Nel nostro mondo condiviso non ci si può più permettere di agire da soli. Con chi costruire alleanze per rispondere alle esigenze del mercato di oggi?
Difficile la risposta. Quando scrivo, lo faccio da sola ed è una solitudine indispensabile a ritrovare quel mondo affettivo, la memoria delle esperienze vissute che la fantasia trasforma in scrittura. Il mondo è dentro di te, solo in un secondo momento quando pubblichi o fai leggere non è più tuo ma di chi ti legge e gli altri dovrebbero fare quello che hai fatto tu quando hai scritto, lasciarsi andare alla fantasia abbandonare il pensiero razionale. Sul set un regista può essere creativo? La risposta è: sì! Deve ritrovare quello stesso mondo di fantasia riuscire a ritrovare quella solitudine interiore di cui parlavo poco prima, nonostante sia circondato da moltissime persone.
Mi spiego meglio: dal momento in cui si parte con le riprese il regista compie un atto creativo anche quando tutto è stato pianificato o deciso o magari sceneggiato da qualcun altro. Ecco che allora i rapporti umani diventano importantissimi. Il set è un collettivo, composto da centinaia di persone che dovrebbero sostenere e non ostacolare la creatività di un regista. Quando ho girato i miei corti ho avuto la fortuna di avere grandi collaboratori, professionisti che hanno partecipato con grande slancio e generosità, permettendomi così, di poter essere libera di esprimermi e di creare immagini senza nessun limite pur lavorando a low budget. Ogni componente della troupe si è attenuto scrupolosamente alle proprie competenze e alle mie disposizioni. Ti faccio un esempio: ho diretto Marco Bellocchio e Aureliano Amadei e, posso affermare che nessuno dei due registi mi ha mai scavalcato o dato un suggerimento, entrambi si sono limitati a fare quello per cui erano stati chiamati: gli attori. Ma tu mi stai chiedendo di alleanze e di esigenze di mercato.

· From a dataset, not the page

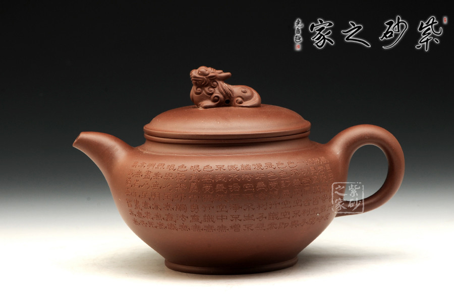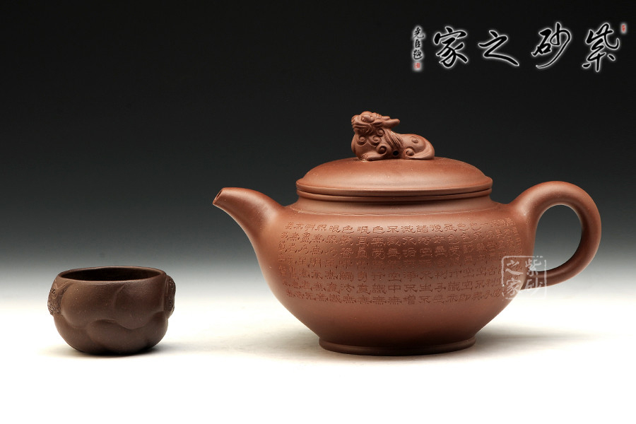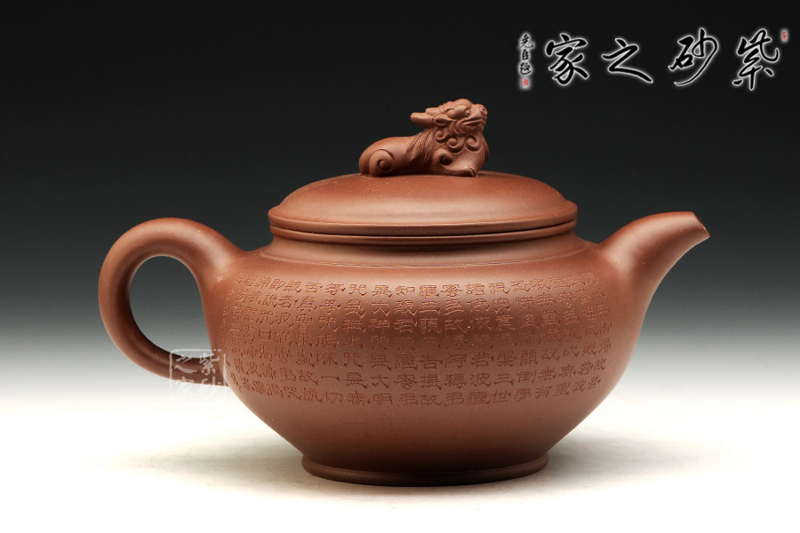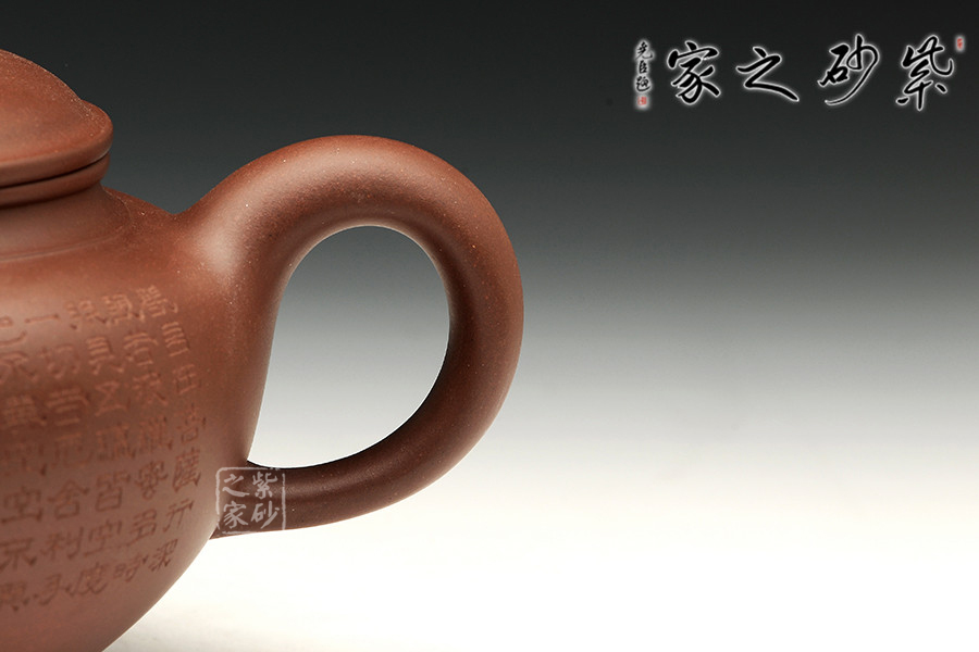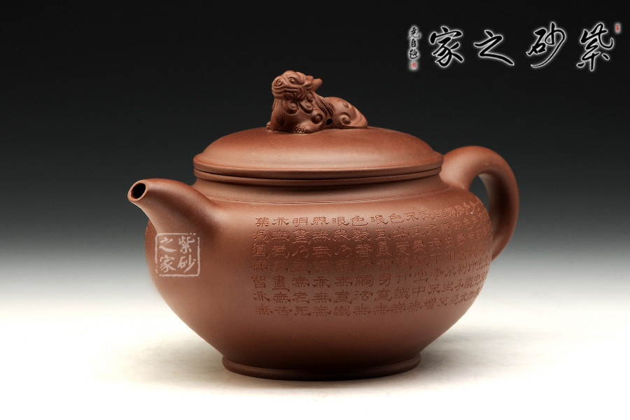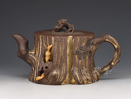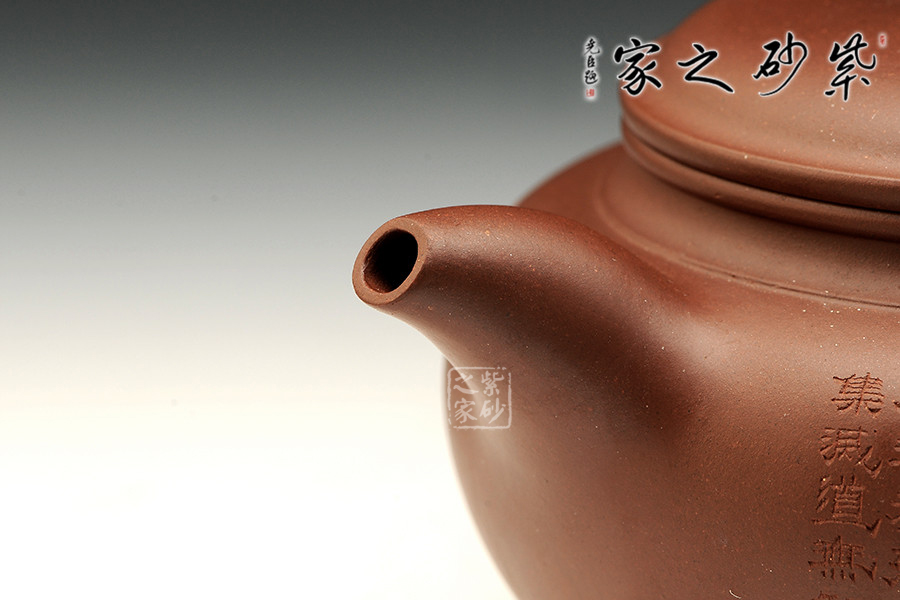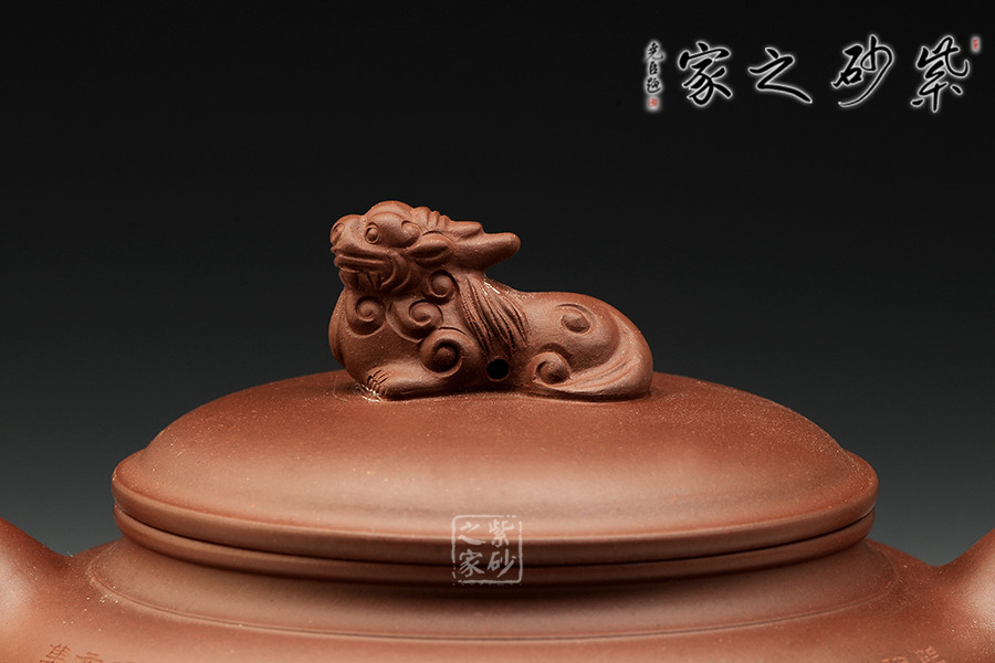 一廠60年代底槽青泥制作,泥料絕對的純正,適宜泡養(yǎng)。作品以掇只為型,紫氣瑩潤可愛。造型簡練,大方,球腹,矮頸,短流,把如肥耳,流把勻稱自然,口蓋直而緊縫,蓋上以瑞獸為鈕,福滿乾坤。壺形樸拙渾厚,造工精細(xì),美妙絕倫。

Ti parlo allora, di Gomorra la Serie. Molto complessa non solo per il tema trattato ma logisticamente difficile: quattro registi, duecento location, centinaia di persone tra troupe attori, stunt man; effetti speciali scene d’azione difficilissime e direi anche pericolose; migliaia di imprevisti; riprese realizzate prevalentemente di notte - per ogni serie - otto mesi di riprese; giornate di lavoro lunghissime. La vita vissuta in ogni suo istante sul set. Tutto estremamente faticoso, anche perché costretti a fare i conti con quello che si respirava a Napoli: da una parte la finzione del set che rappresentava una violentissima realtà e dall’altra quella che si ritrovava fuori nei luoghi in cui si svolgevano le riprese - penso alle Vele o ai Quartieri Spagnoli - Napoli, bellissima e indimenticabile ma simultaneamente culla natale di dinamiche violente, da cui gli sceneggiatori, i registi e tutti i reparti artistici e tecnici hanno tratto ispirazione. Dinamiche che premevano col loro peso specifico su tutta la troupe. Essere uniti, alleati, assolutamente necessario. Alleanza di cuori. Rifocillarsi ogni giorno di affetti umani.
Se non fossimo stati così coesi e solidali, nel rispetto delle competenze di ciascuno, Gomorra non sarebbe stata la serie che è: un prodotto di grande qualità, criticato ma apprezzato in tutto il mondo. Il grande Martin Scorsese l’ha ritenuta una delle migliori che abbia mai visto, una delle sue serie preferite.